While at least a quarter of adults in the Nairobi area are fully jabbed, that proportion drops to less than 5 per cent in 15 of Kenya’s 47 counties.

Dr Ronnie Kibet, who oversees Covid vaccinations in Bomet county in Kenya’s South Rift region, said that logistics was as much an issue if not more so than supplies.

In Bomet county, which has a population of about 875,000, there are 160 health facilities in total – from medicine dispensary through to hospitals – of which about a quarter can administer inoculations, and only five are able to store the vaccine.

“Health workers have to come and collect them in the morning, do the outreach and bring back the remnants in the evening, then come again the next day,” said Dr Kibet.

The county has access to a meagre 3,000 doses every three months and while officials can also request more, it depends on the availability at a regional depot nearly 200km away.

Dr Kibet must also contend with myths and misconceptions around the vaccine.

A man walks past a Covid mural in Kibera in Nairobi, Kenya, last year
A man walks past a Covid mural in Kibera in Nairobi, Kenya, last year (EPA-EFE)

Rumours abound within communities and on social media; some say the jab causes blood clots, impotence or infertility, and even death.

A survey of 400 Kenyans earlier this year by GeoPoll found that only 42 per cent believed they had been provided with enough trustworthy information about the Covid vaccine.

Furthermore, the proportion of respondents who said they would be likely to get the vaccine in the near term dropped from two-thirds in November 2020 to just over half in April this year.

But in Bomet, uptake has been improving since Dr Kibet and his team started reaching out to people in villages to convince them of the merits of being jabbed.

“We changed our approach from just waiting at the facility to going out there to look for people,” he added.

Yet such an approach is not replicable in more densely populated areas such as the informal settlement of Kibera, located in Nairobi just a few miles south of Kenyatta National Hospital.

Home to about 250,000 people, residents of the informal settlement are particularly vulnerable to Covid due to their close proximity to one another, the lack of proper infrastructure, and limited healthcare, not to mention worsening poverty.

Mary Akinyi, a 22-year-old college student, refuses to get the vaccine because she is afraid of possible side effects that she heard about on social media and from her neighbours.

“I have heard that one gets headaches, fatigue and even cancer if they are vaccinated,” she said, adding that no one in her family is getting jabbed.

Akinyi does not believe the government will go through with its 21 December deadline – perhaps unsurprising in a slum that has often felt neglected by the powers that be.

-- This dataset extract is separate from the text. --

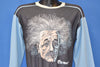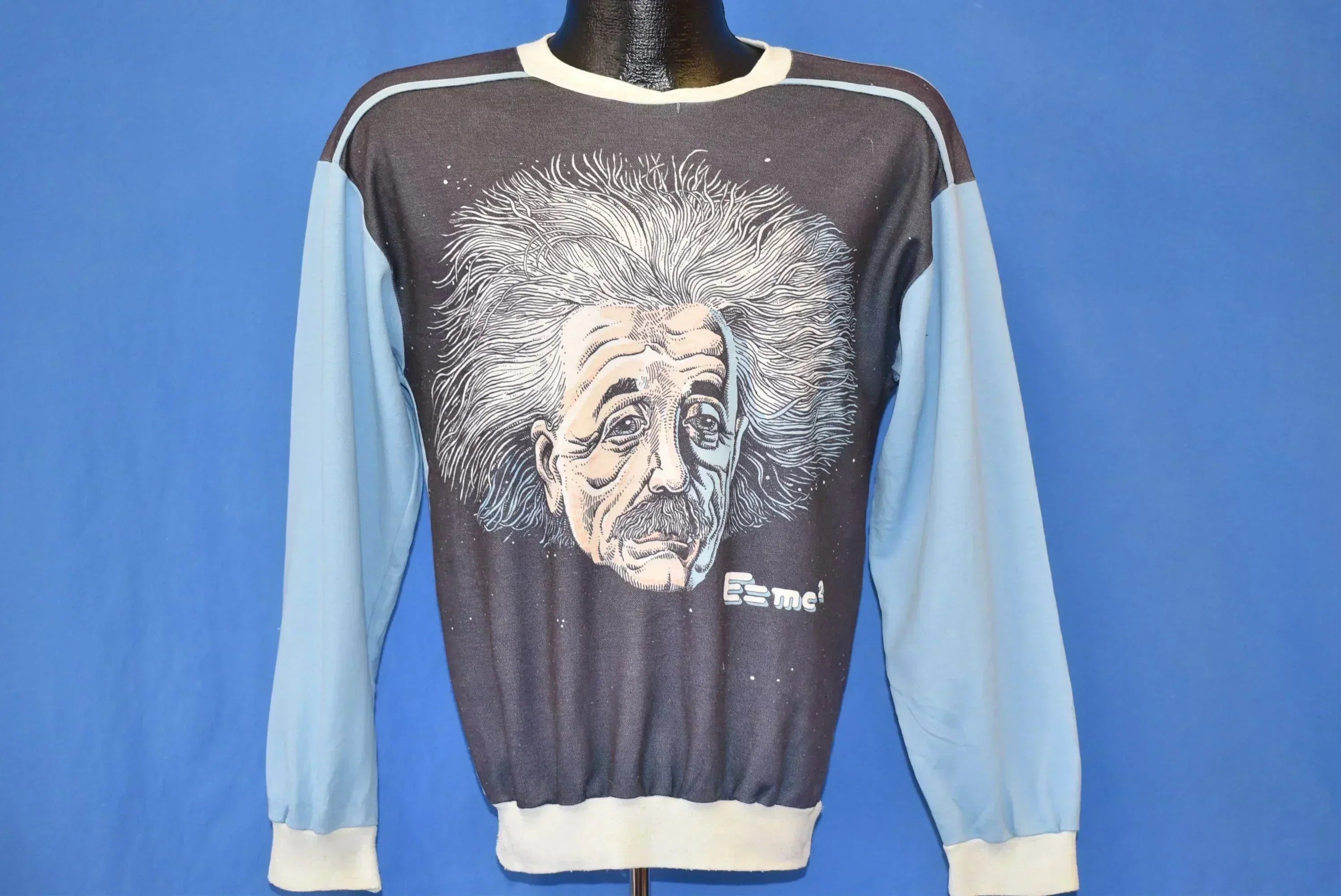 This unique long sleeve shirt features the portrait of famed German born theoretical physicist, Albert Einstein. Known most widely for his theory of relativity, which encompasses theories of both special relativity and general relativity, Einstein is depicted here next to his famous equation E=mc2. This shirt is unbranded with a foreign tag. The image of Einstein shown here makes a bold statement, as his eccentric hair and expressive face have become a symbol of mad science.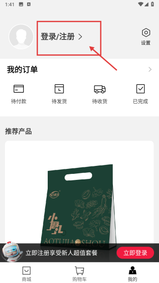 2、在个人中心,点击登录/注册区域,进入登录注册界面。

“Just like other directives in the past, this will not be implemented,” she added.

This lack of trust in the authorities is not surprising.

A Kenyan woman is vaccinated in Dandora, a suburb of Nairobi
A Kenyan woman is vaccinated in Dandora, a suburb of Nairobi (EPA-EFE)

Earlier this year, the government allowed politicians and even foreign diplomats to be vaccinated before vulnerable citizens, while there have been reports of people being allowed to skip queues for bribes as high as $100, which average Kenyans cannot afford.

Dr Evelyn Gitau, director of research at the African Population and Health Research Center – a Nairobi think tank – said she did not believe that the 10 million target would be met by the end of the month, pointing to issues with the online registration system and inconsistent supplies.

Nonetheless, she said vaccinating as many people as quickly as possible was imperative to prevent deaths and protect an “already overburdened acute health care system from crumbling”.

“(One’s) right to health cannot be curbed by someone who makes a personal choice to not get vaccinated,” she said.

Back at Kenyatta National Hospital, Austin Odiwuor was worried about the timeline for receiving his second jab.

“They haven’t told me when exactly I should get the second dose,” he said. “I have heard that one can avail themselves for the second dose and not receive it.”